In 2018, Nathan got another PSMA-PET scan at Weill Cornell.  “Thankfully, I was PSMA negative.”  But Nathan cautions that the radionuclide treatment he received is “not for the faint of heart.”  The loss of salivary gland function “has not been pleasant.  It encompasses many things.  I can swallow, and I can taste, but I get a tremendous amount of dry mouth.”  A CT scan showed esophagitis – inflammation of his esophagus from lack of salivation, and thyroiditis.  “I have to constantly keep lubrication going.  It has gotten slightly better, and they told me it’s possible that if the treatment didn’t burn off all my salivary glands and there were some cells left, they could possibly regenerate, but it would take a long time.   I think I’ve gotten about 20 percent back over the two years.”  Nathan uses gels in his mouth every night.  “Otherwise, I wake up choking.”  He also uses prescription toothpaste and extra fluoride to protect the enamel on his teeth.
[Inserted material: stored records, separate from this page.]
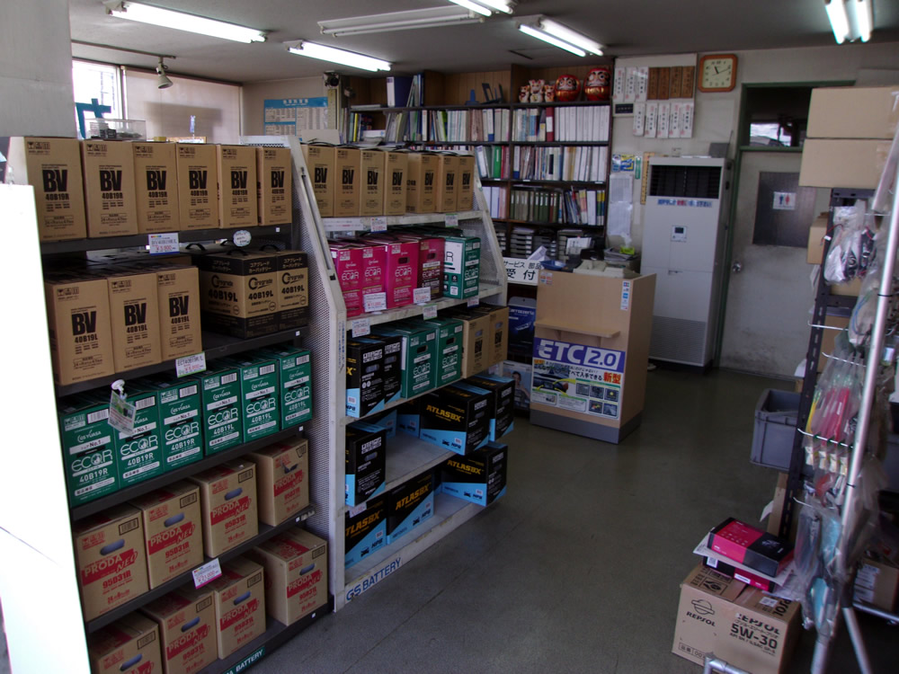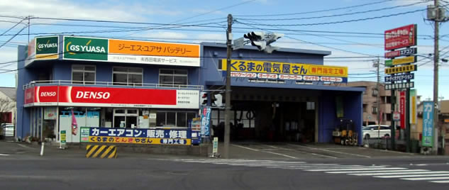 | くるまの電気屋さん の看板が目印 |
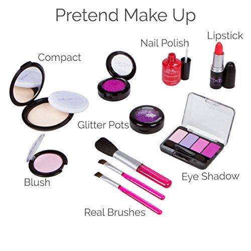 COMES COMPLETE WITH PRETEND MAKEUP: Red Nail Polish, Pink Blush, Pink and Purple Glitter Pots, Compact with Applicator, 4 Slot Eye Shadow, Red Lipstick (goes up and down like real lip stick), 3 Brushes - all these Toy Sized and Little Cosmetics Items that emulate the real stuff!
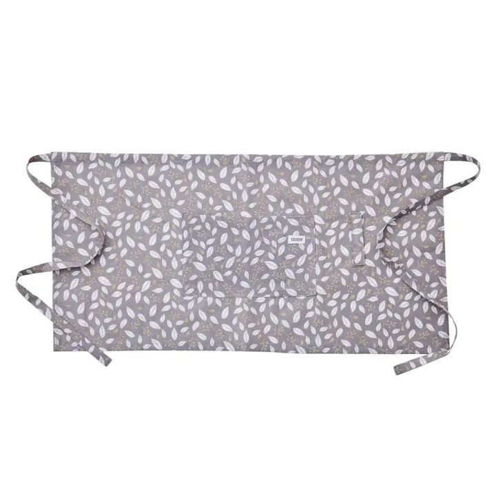 繊細なリーフ柄が美しいエプロン。 ライトグリーンは爽やかで軽やかな印象を、グレーは落ち着いたシックな雰囲気を演出。 自然のやさしさを感じさせるデザインで、日常をより心地よく彩ります。 ●POINT 【気軽に着用しやすい腰巻タイプ】 短めの丈で動きやすい腰巻タイプのエプロンです。 【大きめなフロントポケット】 大きめなフロントポケット付き。 センターで分かれているので、メモやレシピなどを仕分けて入れることができます。 【クロスかけ紐】 キッチンで作業する際に便利なクロスかけ紐。 キッチンクロスやタオルなどをかけておくと便利です。

He is trying to limit scans that will subject his body to more radiation (MRI, for example, has no radiation; CT does).  “Over the last couple months, my creatine level (reflecting kidney function) has slowly increased.   It’s not out of the range of normal, but at the high end.  I’m conscious that these radioligand therapies can produce kidney damage.”

“It’s an amazing age we’re living in,” Nathan says.  “I’m happy to be here, grateful that I was able to kick the can long enough to have gotten this treatment.”  Whenever he sees his oncologist, the conversation ends with the doctor saying, “Grow old.”  And Nathan says:  “I plan to.”

Note:  If you are seeing this as a solo story, click here for more.

 

In addition to the book, I have written much more about prostate cancer on the Prostate Cancer Foundation’s website, pcf.org. The stories I’ve written are under the categories, “Understanding Prostate Cancer,” and “For Patients.”  As Patrick Walsh and I have said for years in our books, Knowledge is power: Saving your life may start with you going to the doctor, and knowing the right questions to ask. I hope all men will put prostate cancer on their radar. Get a baseline PSA blood test in your early 40s, and if you are of African descent, or if cancer and/or prostate cancer runs in your family, you need to be screened regularly for the disease. Many doctors don’t do this, so it’s up to you to ask for it.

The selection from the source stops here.